Stored dataset items:
========
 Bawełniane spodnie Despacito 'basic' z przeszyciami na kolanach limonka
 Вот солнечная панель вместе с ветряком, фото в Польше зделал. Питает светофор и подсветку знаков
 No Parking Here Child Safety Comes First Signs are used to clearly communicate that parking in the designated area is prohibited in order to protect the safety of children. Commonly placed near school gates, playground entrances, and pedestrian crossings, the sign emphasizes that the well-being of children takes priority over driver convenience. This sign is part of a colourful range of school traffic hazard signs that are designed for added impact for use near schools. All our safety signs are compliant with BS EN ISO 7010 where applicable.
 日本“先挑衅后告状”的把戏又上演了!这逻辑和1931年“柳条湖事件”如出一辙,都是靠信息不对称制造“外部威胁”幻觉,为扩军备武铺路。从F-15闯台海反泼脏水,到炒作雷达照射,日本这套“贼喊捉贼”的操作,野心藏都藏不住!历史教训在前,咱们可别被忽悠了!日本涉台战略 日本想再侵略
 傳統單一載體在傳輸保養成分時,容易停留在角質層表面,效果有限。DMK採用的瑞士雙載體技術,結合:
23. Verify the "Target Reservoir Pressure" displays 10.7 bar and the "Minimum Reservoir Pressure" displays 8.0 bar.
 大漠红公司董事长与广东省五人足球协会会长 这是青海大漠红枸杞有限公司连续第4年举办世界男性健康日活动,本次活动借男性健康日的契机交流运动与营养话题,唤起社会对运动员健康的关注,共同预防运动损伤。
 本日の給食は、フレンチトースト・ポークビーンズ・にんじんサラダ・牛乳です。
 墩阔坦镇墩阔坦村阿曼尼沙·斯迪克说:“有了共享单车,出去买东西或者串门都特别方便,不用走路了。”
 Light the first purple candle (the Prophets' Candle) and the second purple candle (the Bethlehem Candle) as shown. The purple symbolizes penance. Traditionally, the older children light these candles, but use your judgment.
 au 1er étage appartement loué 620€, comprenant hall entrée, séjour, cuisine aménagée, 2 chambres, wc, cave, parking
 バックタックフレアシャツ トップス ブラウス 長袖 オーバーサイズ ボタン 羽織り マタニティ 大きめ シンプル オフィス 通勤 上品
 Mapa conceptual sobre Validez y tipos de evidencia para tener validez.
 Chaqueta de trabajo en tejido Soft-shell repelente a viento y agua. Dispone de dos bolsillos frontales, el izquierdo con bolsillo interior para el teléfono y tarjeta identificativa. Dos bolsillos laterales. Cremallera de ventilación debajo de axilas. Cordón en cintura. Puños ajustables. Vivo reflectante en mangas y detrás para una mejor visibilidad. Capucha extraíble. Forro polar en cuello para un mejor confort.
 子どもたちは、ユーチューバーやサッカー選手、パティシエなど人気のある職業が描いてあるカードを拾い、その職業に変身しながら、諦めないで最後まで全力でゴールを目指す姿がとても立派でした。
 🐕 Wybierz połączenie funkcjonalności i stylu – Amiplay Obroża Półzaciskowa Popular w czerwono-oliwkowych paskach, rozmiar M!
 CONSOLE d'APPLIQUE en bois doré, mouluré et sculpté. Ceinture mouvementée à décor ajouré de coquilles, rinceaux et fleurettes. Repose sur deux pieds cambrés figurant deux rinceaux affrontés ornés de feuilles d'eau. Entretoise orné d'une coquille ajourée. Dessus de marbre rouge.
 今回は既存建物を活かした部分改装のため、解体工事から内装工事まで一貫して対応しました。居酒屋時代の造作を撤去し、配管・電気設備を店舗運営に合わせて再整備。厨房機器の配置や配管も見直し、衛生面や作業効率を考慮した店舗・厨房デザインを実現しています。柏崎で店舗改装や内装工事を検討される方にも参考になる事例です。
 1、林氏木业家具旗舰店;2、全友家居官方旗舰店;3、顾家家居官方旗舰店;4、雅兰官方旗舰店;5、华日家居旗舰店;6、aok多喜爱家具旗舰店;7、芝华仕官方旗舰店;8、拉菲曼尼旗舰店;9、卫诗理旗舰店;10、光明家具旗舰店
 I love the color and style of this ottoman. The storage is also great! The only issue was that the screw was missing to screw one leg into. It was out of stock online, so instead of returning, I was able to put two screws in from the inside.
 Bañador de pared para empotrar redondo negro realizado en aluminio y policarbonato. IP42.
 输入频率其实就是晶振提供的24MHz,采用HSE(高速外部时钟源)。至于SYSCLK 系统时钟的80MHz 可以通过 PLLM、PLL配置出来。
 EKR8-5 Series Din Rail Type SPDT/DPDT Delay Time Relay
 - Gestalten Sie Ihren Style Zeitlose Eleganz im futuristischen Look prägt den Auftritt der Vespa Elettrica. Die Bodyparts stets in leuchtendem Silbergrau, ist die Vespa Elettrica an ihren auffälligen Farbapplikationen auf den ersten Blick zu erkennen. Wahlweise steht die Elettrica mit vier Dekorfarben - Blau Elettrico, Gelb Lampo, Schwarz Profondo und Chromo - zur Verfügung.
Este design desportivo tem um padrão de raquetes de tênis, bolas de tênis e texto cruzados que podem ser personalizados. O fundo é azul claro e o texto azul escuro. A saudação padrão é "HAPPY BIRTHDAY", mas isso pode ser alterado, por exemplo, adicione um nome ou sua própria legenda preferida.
========
> _WHAT IS REQUIRED_
Nothing should appear in the answer except the lines above from the line with "バックタックフレアシャツ トップス ブラウス" through the line with "Mapa conceptual sobre", both included, written out exactly.

> _EXERCISE SOLUTION_
 バックタックフレアシャツ トップス ブラウス 長袖 オーバーサイズ ボタン 羽織り マタニティ 大きめ シンプル オフィス 通勤 上品
 Mapa conceptual sobre Validez y tipos de evidencia para tener validez.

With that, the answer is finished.